For energy, I argued that the emphasis should be on driving costs down for low carbon energy, including nuclear: “In the case of energy, the costs will be imposed on future customers through long-term guaranteed prices. For example, the Hinckley Point deal, for just one nuclear power station, will result in the transfer of several tens of billions of pounds from domestic and business electricity users to the overseas providers of the technology and finance. Instead of simply standing back and paying these bills (or imposing them on future taxpayers and customers),the government should use its power as the purchaser or guarantor to make sure new technologies are developed for the which the UK can capture significant value.”

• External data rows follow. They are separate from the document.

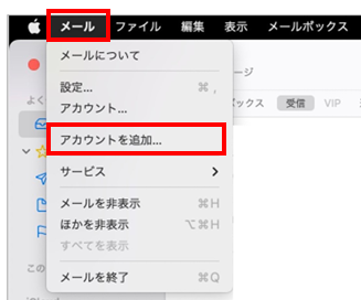 標準メールを開き上部【メール】→【アカウントを追加…】の順に選択します。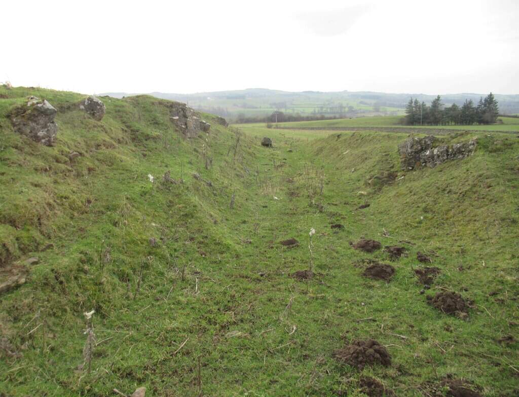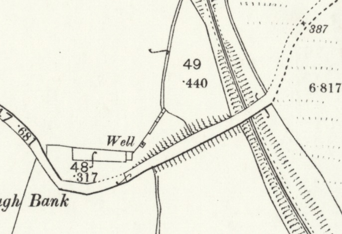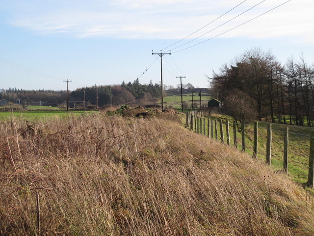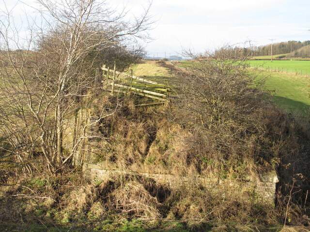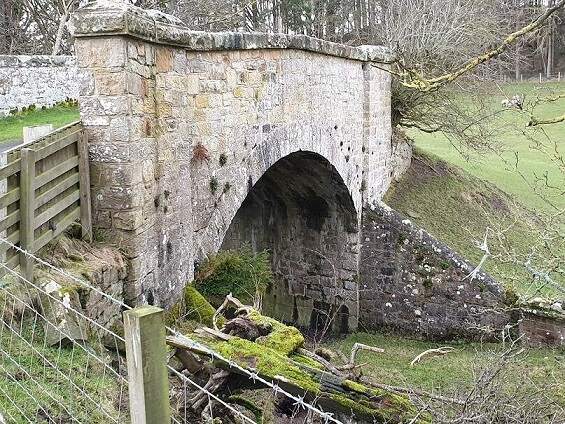 The line travelled on, Northwest from Chollerton, much of the time in deep cutting as far as Dallabank Wood, by which time it was running on a northerly course. Soon after the wood, the line turned towards the Northwest, passed under the local road (Dalla Bank), crossed a short but high embankment under which Barrasford Burn was culverted, and entered Barrasford Railway Station.
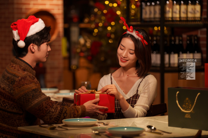 图片标题: 年轻男人给女朋友送圣诞礼物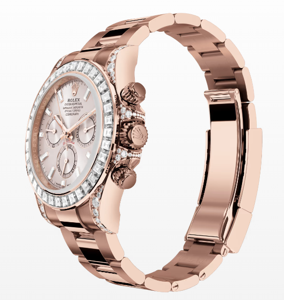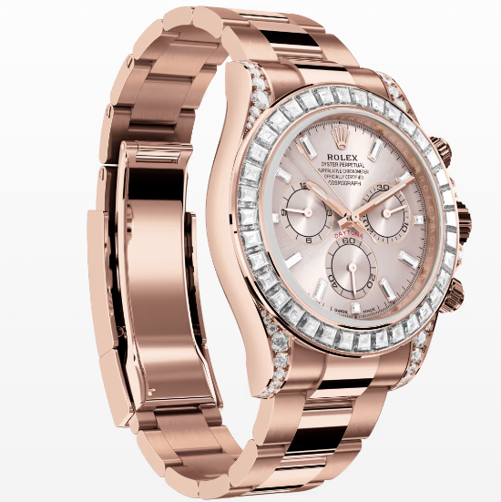 This Oyster Perpetual Cosmograph Daytona in 18 kt Everose gold, with a Sundust, diamond-set dial and an Oyster bracelet, features a diamond-set bezel and diamond-set lugs.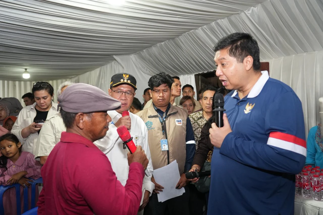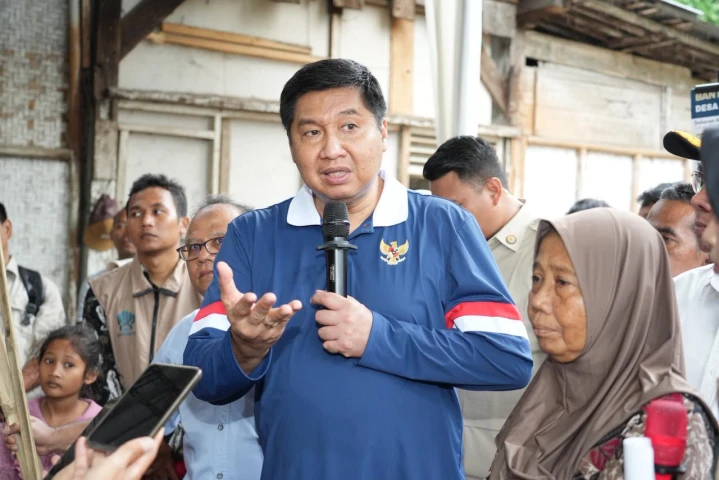 BANYUMAS – Menteri Perumahan dan Kawasan Permukiman (PKP) Maruarar Sirait meninjau pelaksanaan Bantuan Stimulan Perumahan Swadaya (BSPS) di Desa Kalisube, Kecamatan Banyumas, Kabupaten Banyumas, Sabtu (8/11/2025). Kunjungan ini dilakukan untuk memastikan program BSPS bagi masyarakat berjalan tepat sasaran dan memberikan manfaat nyata.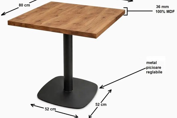 Masă bucătărie pătrată din MDF texturat nuc 80×80 cm – compactă și elegantăTransformă zona de dining într-un spațiu cald și primitor cu masa noastră pătrată din MDF texturat, perfectă pentru apartamentele mai mici sau pentru garsoniere. Blatul în nuanța de nuc texturat, cu striații vizibile de lemn, oferă un look elegant și natural, aducând căldură și personalitate interiorului, iar piciorul metalic robust, cu profil de 60×60 mm, adaugă un plus de stabilitate și un aer urban-industrial. Colțurile rotunjite fac masa sigură și confortabilă și e recomandată pentru familiile cu copii.Caracteristici și avantajeBlat MDF texturat nuc, cu striații vizibile ce evidențiază aspectul natural al lemnului.Picior metalic robust, profil 60×60 mm și bază 44×44 cm, pentru stabilitate maximă.Colțuri rotunjite, pentru siguranță sporită și confort în utilizarea zilnică.Compactă și versatilă, perfectă pentru apartamente mai mici sau garsoniere.Design modern cu accente naturale, contrast elegant între tonul cald al nucului și metalul negru.Greutate totală: 8 kg, ușor de mutat și integrat în spațiu.DimensiuniLungime: 80 cmLățime: 80 cmÎnălțime: 75 cmDimensiuni suport suprafață: 25×25 cmBază metal: 44×44 cm, 3 mm grosime, 5.1 kgÎnălțime bază: 72 cmDimensiuni tub: 60×60 mm × 1,5 mm metalMaterialeBlat: MDF texturat, finisaj nucPicioare și structură: metal negruDescoperă și alte mese de bucătărie, pliabile, extensibile sau fixe, apoi completează spațiul de dining cu scaune de bucătărie și piese de mobilier pentru bucătărie, pentru a crea un spațiu practic, elegant și perfect adaptat stilului tău de viață.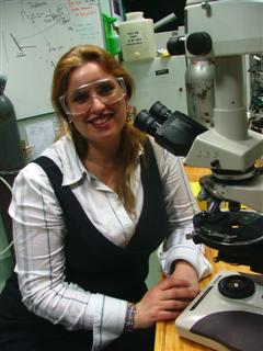 Optical microscopes like this one are useful for some crystal work. For more detailed study of materials Kate uses an electron microscope.

To understand the causes of the productivity slowdown more fully, one needs to dive into a more detailed analysis of productivity performance in different sectors. My January 2015 piece,
Growth, technological innovation, and the British productivity crisis, took a first look at this, using early estimates from the ONS for total factor productivity by sector. Here there was a contrast between steady growth in ICT and manufacturing, and peaks – and subsequent falls – in two broad sectors: Agriculture, forestry & fishing, mining & quarrying, utilities, and Financial and Insurance. For the sectors including mining and quarrying, the peak was at 2003, and I believe that this largely reflected the output of the oil and gas sector – production of North Sea oil peaked around 2000. For the sectors including financial services, the peak was at 2007, so unsurprisingly correlated with the onset of the global financial crisis. My conclusion was essentially that the UK had been a victim of what economists call “Dutch disease”, following the peaking of North Sea oil and the bursting of a financial services bubble: “Manufacturing and ICT have been squeezed out by the apparently greater, but ultimately unsustainable, returns from oil and finance, and when those wells dried up the economy was left stranded.”

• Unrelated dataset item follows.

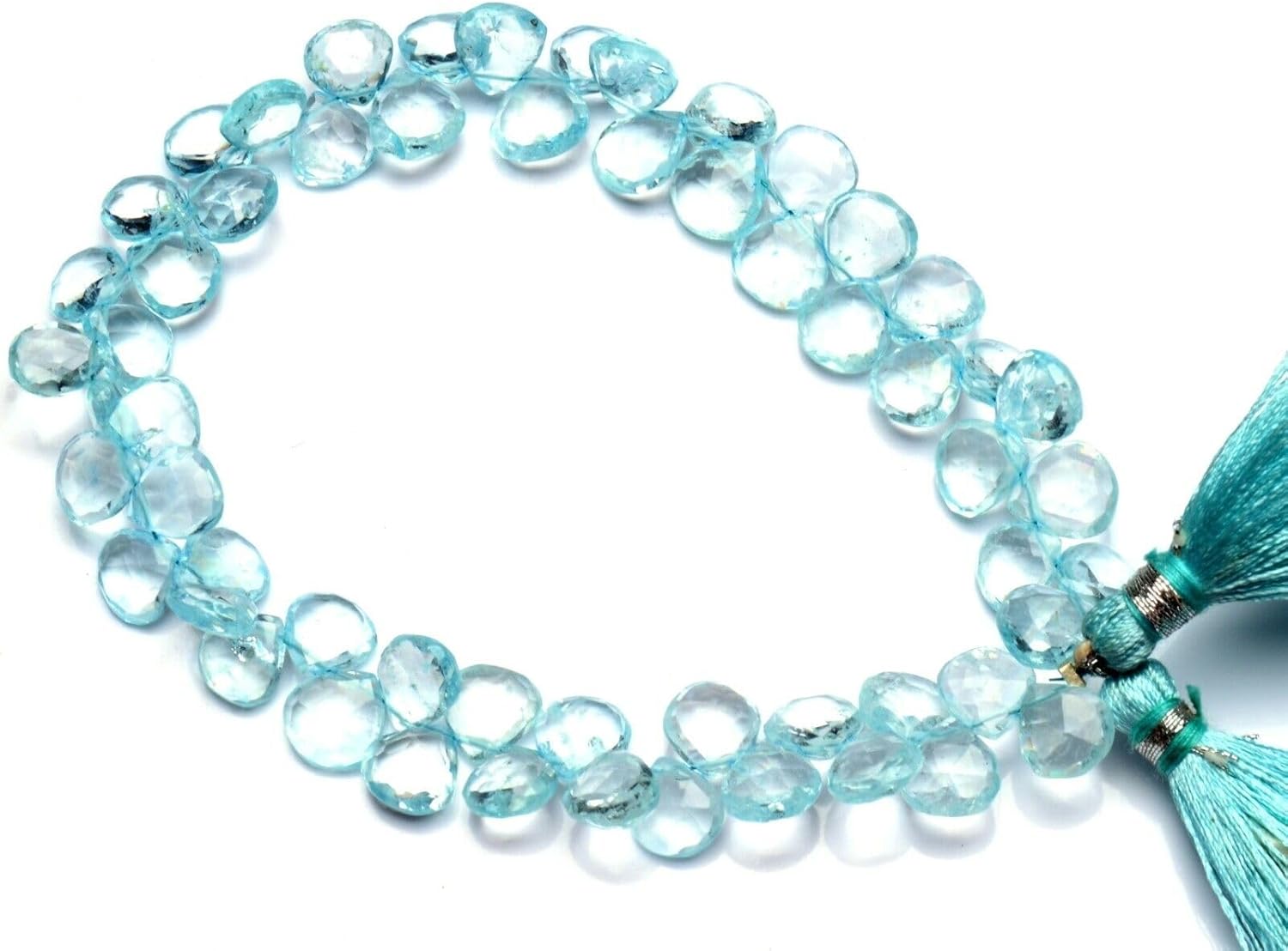 8 inch Strand of Natural Aquamarine 8.5mm Heart Faceted briolette Beads for DIY Jewelry Making. |BRIO_00616

I still believe that Dutch disease is a helpful, though partial, lens to look at our productivity slowdown through. But since then we’ve learnt a lot more about the proximate causes of the UK’s sluggish productivity growth, and the sectors that have most contributed to the slowdown. A good overview can be found in The Productivity Agenda, from the University of Manchester based Productivity Institute (including a section by me on R&D).

For example, careful econometric analysis has identified that the key contributors to the slowdown, in sectoral terms, have been transport equipment, pharmaceuticals, computer software and telecommunications. This is counterintuitive, in that these sectors are generally thought of as strengths of the UK economy.

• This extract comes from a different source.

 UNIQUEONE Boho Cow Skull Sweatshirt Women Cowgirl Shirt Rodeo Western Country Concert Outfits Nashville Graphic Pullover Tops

More generally, there seems to be a consensus that low levels of investment – in both the public and private sectors – is a major proximate cause of low productivity growth. I would include in this low overall investment record, the low levels of business R&D that first attracted my attention, more than a decade ago. Since it is widely accepted that technological innovation provides the basis for productivity growth, and R&D provides a formal structure for developing and implementing technological innovations, I would still insist on its importance.

But this doesn’t not yet answer the question of what it is about the UK’s political and economic system that has led to this state of chronic underinvestment, or what should be done to address that. The consequences, though, are clear – slow productivity growth has led to stagnating living standards and difficulties in funding public services at the level people expect. For my last words here, I’ll quote what I wrote in July 2014:

“The erosion of the UK’s capacity to technologically innovate was not inevitable – it was the unintended consequence of a series of political and policy choices over decades. We need to reverse this loss of capacity. This needs to be done as part of a broader rethinking of the variety of capitalism the UK economy is currently based on. Without this rethinking, we will be condemned to continue on our current trajectory of low growth, poor trade performance and ultimately, loss of national sovereignty.”